Exactly the lines below from the line with "Da Le dieci" through the line with "Подготовку специалистов для" must make up the answer, both ends included and pictures left out.

Records from a dataset:

- Opening Delimiter -

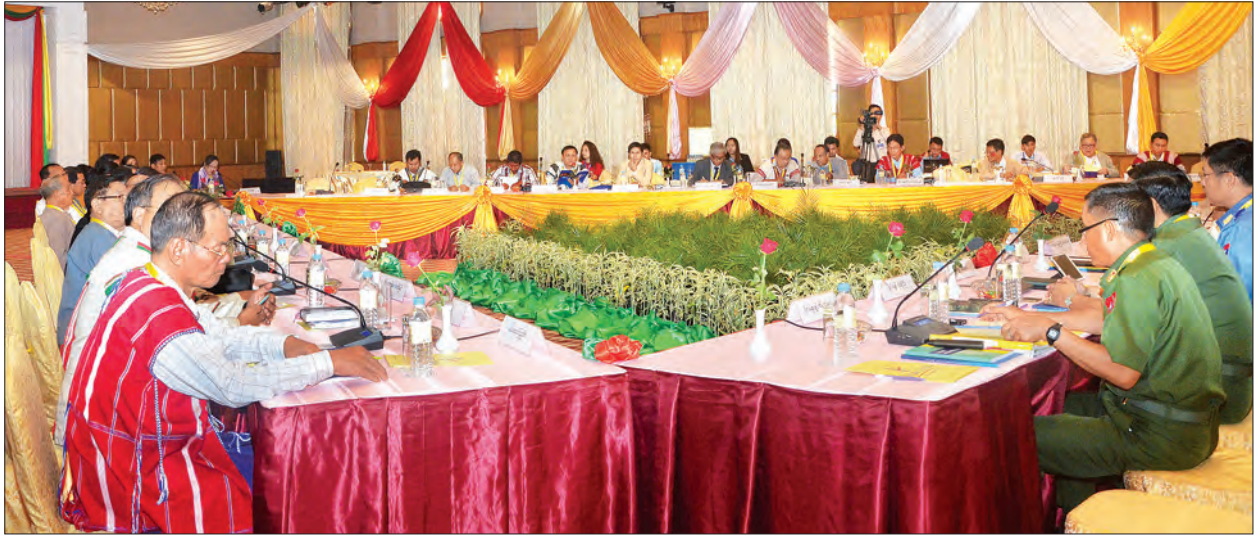
ပြည်ထောင်စု ငြိမ်းချမ်းရေးညီလာခံ (၂၁ ရာစုပင်လုံ) အကြံပြုဆင်ရေး ဆပ်ကော်မတီအစည်းအဝေးကျင်းပစဉ်

ဆိုခြင်းထက် ပူးပေါင်းဆောင်ရွက်ပြီး နိုင်ငံ၏ ငြိမ်းချမ်းရေးအတွက် ပူးပေါင်းအဖြေရှာပါက ငြိမ်းချမ်းရေးရရှိနိုင်မည်ဟု ယုံကြည်ပါကြောင်း ပြောကြားသည်။ ဒုတိယဗိုလ်ချုပ်ကြီး ရာပြည့်က NCA လက်မှတ်ထိုးခြင်းသည် တစ်ဖက်နှင့်တစ်ဖက် အကြိမ်များစွာ တွေ့ဆုံညှိနှိုင်းပြီး ယုံကြည်မှုတည်ဆောက်ထားသည့် သက်သေသားဖြစ်ပါကြောင်း ယုံကြည်မှုကို ပျောက်ကွယ်မသွားအောင် NCA အပေါ်တွင် မှတည်၍ ဆောင်ရွက်သွားရန် အားလုံးကလက်ခံထားပြီးဖြစ်ပါကြောင်း မိမိတို့ရှေးရှုနေသည့် ပန်းတိုင်သည် ထာဝရငြိမ်းချမ်းရေးရရှိရန်ဖြစ်ပါကြောင်း NCA စာချုပ်ကို အသေခံ့ ကိုင်ထားခြင်းမဟုတ်ပါကြောင်း ငြိမ်းချမ်းရေးအတွက်လိုအပ်ပါက တချို့နေရာများတွင် ပြောင်းခြင်း ပြင်ခြင်းများပြုလုပ်ခြင်းအားဖြင့် ငြိမ်းချမ်းရေးကိုပို၍ အထောက်အကူပြုသည်ဆိုပါက တိုင်းရင်းသားကိုယ်စားလှယ်များနှင့် နှစ်ဖက်ညှိနှိုင်းဆောင်ရွက်သွား၍ ရနိုင်ပါကြောင်း အဓိကက နှစ်ဖက်ယုံကြည်မှု တည်ဆောက်နိုင်ရန် အရေးကြီးပါကြောင်း NCA လက်မှတ်ထိုးခြင်းသည် နှစ်ဖက်ယုံကြည်မှု တည်ဆောက်ခြင်း
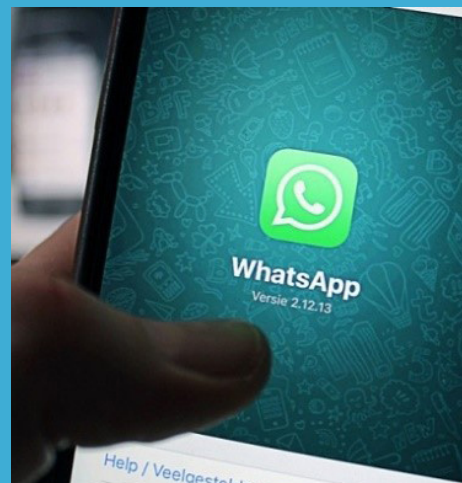
Imagen de la aplicación.

En el 2014, Mark Zuckerberg compró WhatsApp por una suma cercana a los 21.800 millones de dólares. Zuckerberg se dio cuenta que el mercado de las redes sociales está en los más jóvenes. Sin embargo, los adultos estaban ingresando a esta red social y eso los ahuyentaba de las demás. Sin duda, WhatsApp es una alternativa porque ofrece mayor privacidad. Y, además, porque en sus primeros cuatro años sumó más usuarios que el mismo Facebook. Entonces, era un peligro eminente para su permanencia.
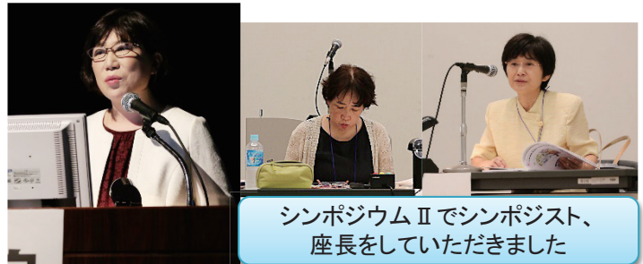
シンポジウムⅡでシンポジスト、座長をしていただきました
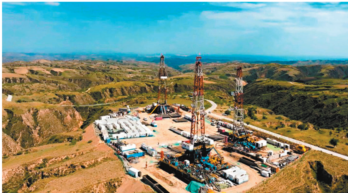
◆神府深煤層大氣田三鑽機同合作業。

我國煤層氣資源豐富，一直以來，煤層氣的勘探開發大多集中在埋深小於1,000米的煤層。由於缺乏配套的工藝技術，埋深超過1,500米的煤層長期以來
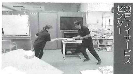
瀬戸老人デイサービスセンター
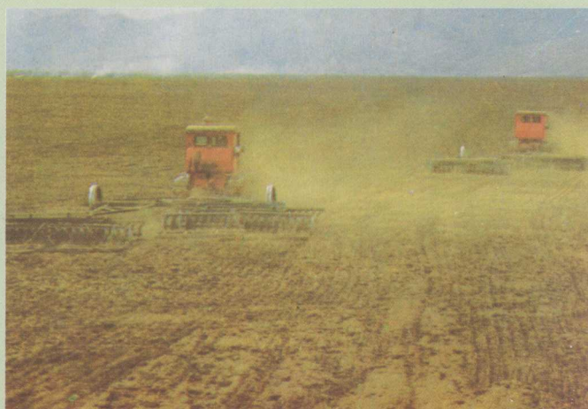
△东方红—75型拖拉机牵引41片轻型圆盘耙进行耙地作业
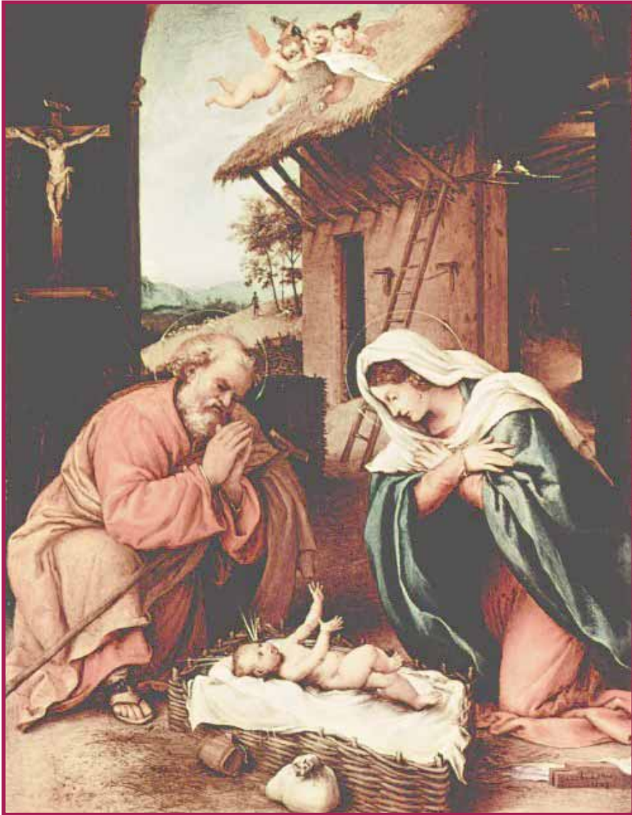
Da Le dieci natività più belle della storia dell'arte - Liberiamo - Lorenzo Lotto - La natività - 1523

Bollettino della comunità parrocchiale di Morbio Inferiore
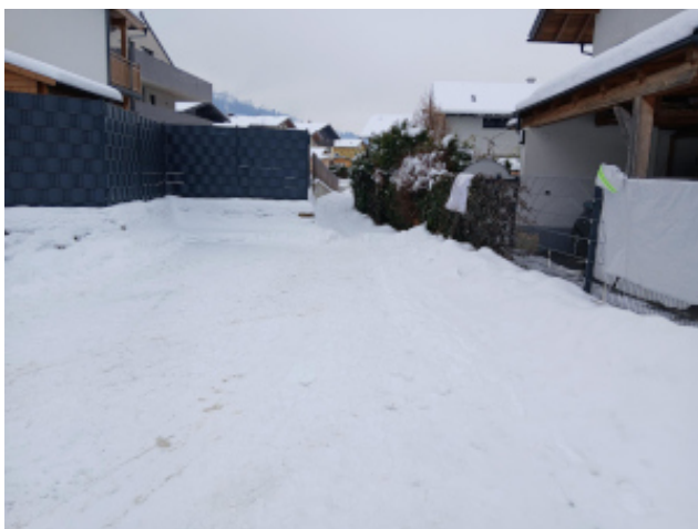
Gehweg, Gst. 366/113, EZ 522, von der Aufschließungsstraße nach Süden
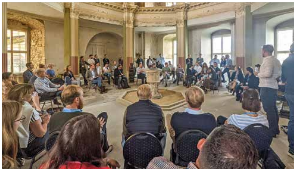
Das Große Schloss bot einen einzigartigen Rahmen für das erste Future Forest Forum.
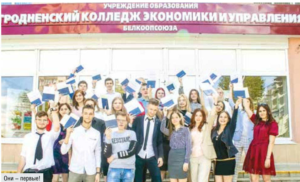
Они – первые!

Подготовку специалистов для логистической деятельности ведут компетентные, креативные, любящие свою профессию педагоги, которые активно используют в обучении современные образовательные технологии, интерактивные методы. Например, лекционный материал подается на практических примерах, с использованием видеоматериалов, интернет-ресурсов или информационно-справочных си-
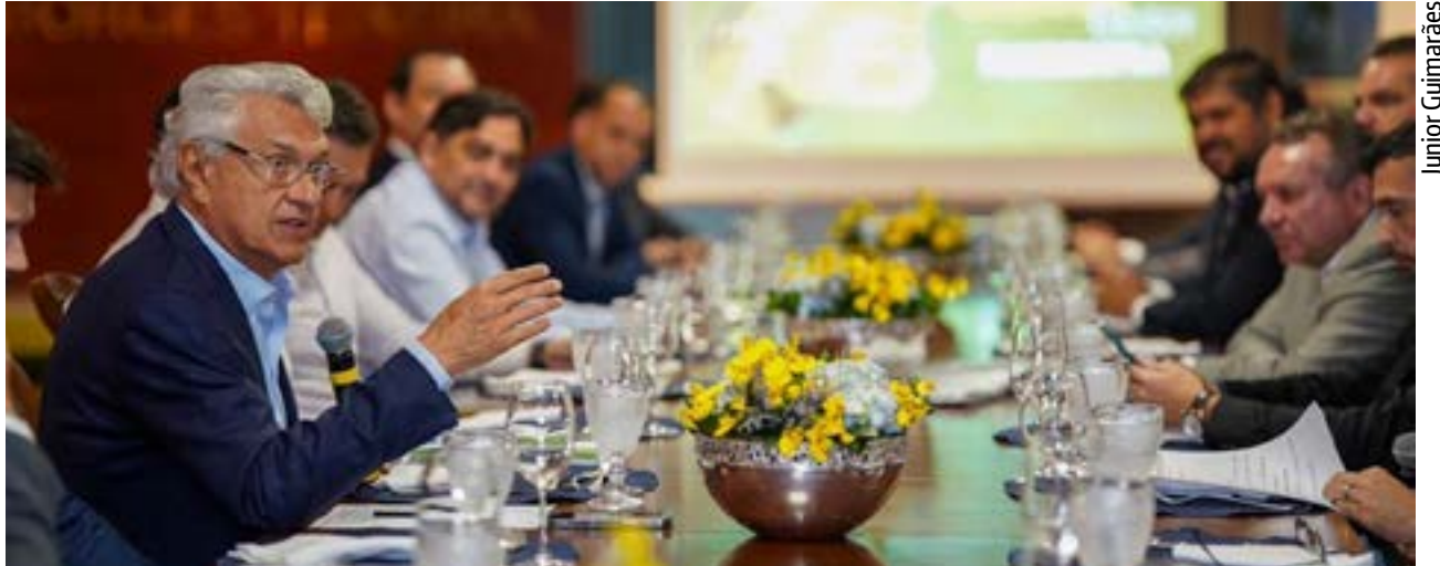
Ronaldo Caiado anuncia três obras em rodovias aprovadas pelo Conselho Gestor do Fundeinfra para execução com recursos do Fundo
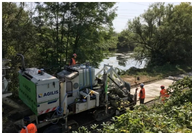
Le nouveau tronçon de la promenade cyclable Fil bleu des Berges de l'Orne en cours de réalisation.
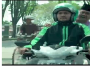
Gambar 6. Caleg dibonceng oleh ojek online dan didahului oleh sepeda ontel

yang dikayuh seorang lelaki tua mampu mendahului sepeda motor tersebut. Adegan tersebut ada dalam video berjudul 'Banyak Caleg Habis Dipilih Kerjanya Malas-Malasan'.
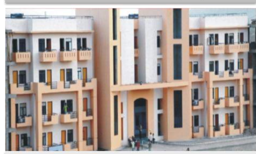
BHAGWANT COLLEGE OF EDUCATION MUZAFFARNAGAR (UP)
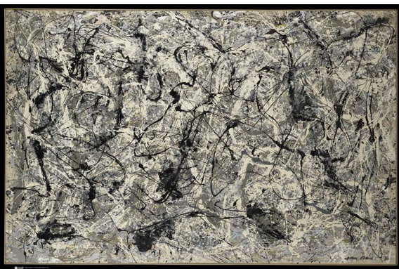
Peinture N°28, 1950 Jackson Pollock

http://www.pierre-soulages.com/ http://musee-soulages.grand-rodez.com/ https://www.youtube.com/watch?v=TfinJkIltI http://www.centrepompidou.fr/cpv/ressource.action?param.id=FR_R-3147ecdb29aa79a3a32d068a7d060&param.idSource=FR_E-3147ecdb29aa79a3a32d068a7d060
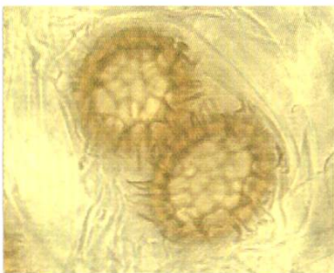
Abb./fig. 3 Tuber pseudoexcavatum
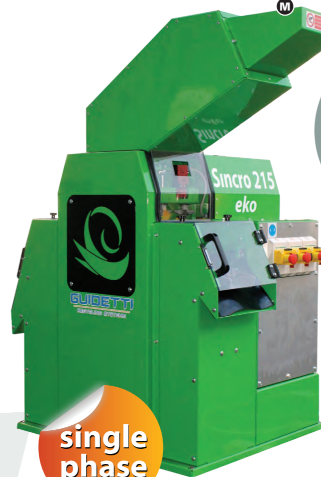
SINCRO 215 eko single phase

Versione monofase. Single phase. Version monophasé. Versión monofásica. Einphasige- Ausführung.
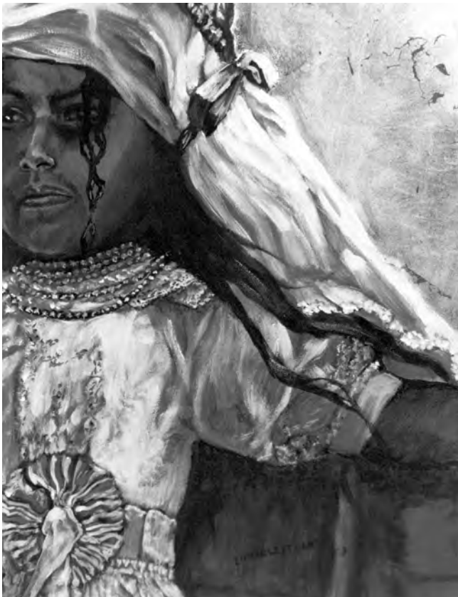
Niña ángel 1. Lámina de oro y acrílico sobre tela. 2003

Por lo anteriormente explicado, es relevante realizar múltiples preguntas, mantener el diálogo, provocar que los estudiantes se pregunten entre ellos y realicen cuestionamientos al docente. Puede ayudar mucho la realización de diagramas, gráficos, organizadores gráficos; pero en todos los casos no se trata de que sean realizados por el docente sino que en la graficación el estudiante evidencie la estructura que está construyendo, estructurando, modificando. Así el do-

- Closing Delimiter -

*EXPECTED OUTPUT*
Da Le dieci natività più belle della storia dell'arte - Liberiamo - Lorenzo Lotto - La natività - 1523

Bollettino della comunità parrocchiale di Morbio Inferiore
Gehweg, Gst. 366/113, EZ 522, von der Aufschließungsstraße nach Süden
Das Große Schloss bot einen einzigartigen Rahmen für das erste Future Forest Forum.
Они – первые!

Подготовку специалистов для логистической деятельности ведут компетентные, креативные, любящие свою профессию педагоги, которые активно используют в обучении современные образовательные технологии, интерактивные методы. Например, лекционный материал подается на практических примерах, с использованием видеоматериалов, интернет-ресурсов или информационно-справочных си-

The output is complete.